Unveiling Dark Sites
Urbex/Rurex as a Method in Critical Animal History
DOI:
https://doi.org/10.1558/jca.30043Keywords:
animal history, dark tourism, farms, rurex, slaughterhouses, urbexAbstract
This article explores the potential and limitations of utilizing rural exploration (rurex) as a method in critical animal studies, with a particular focus on the subfield of animal history. Documentary evidence detailing the lives and deaths of animals in history is remarkably scarce, but the relative accessibility of material remains from the contemporary past means that new field methods based on archaeological thinking may serve as a valuable tool for gathering crucial insights into the historical experiences of animals. The article describes investigative journeys through abandoned architectural structures linked to animal exploitation in Poland, focusing on three specific sites used during the communist era (1944–1989) and possibly into the early post-communist period, all of which are now in ruins: a farm, a slaughterhouse and an incineration plant.
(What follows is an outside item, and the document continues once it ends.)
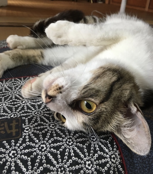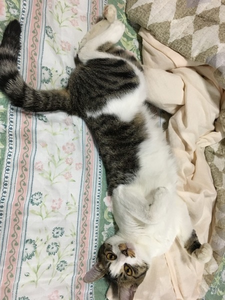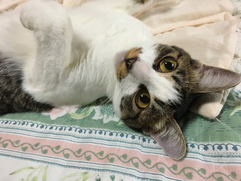 | 特徴(性格など) | よく食べよく寝てよく遊びます! 天使みたいに可愛い子です☆ ゴハンが欲しい時は、ゴハン♪と鳴いておねだりするお利口さんです。 猫エイズ陽性ですが、現状は至って健康です☺️ |

I argue that exploring material environments of animal exploitation is often the only means of accessing practices that go unnoticed due to their marginal status in the popular imagination. Although such access via remnants is always partial and imperfect, it can illuminate aspects of interspecies relations that cultural representations may overlook, such as the material dimensions of spaces, physical sensations and the interactions between humans and animal bodies within the built environment.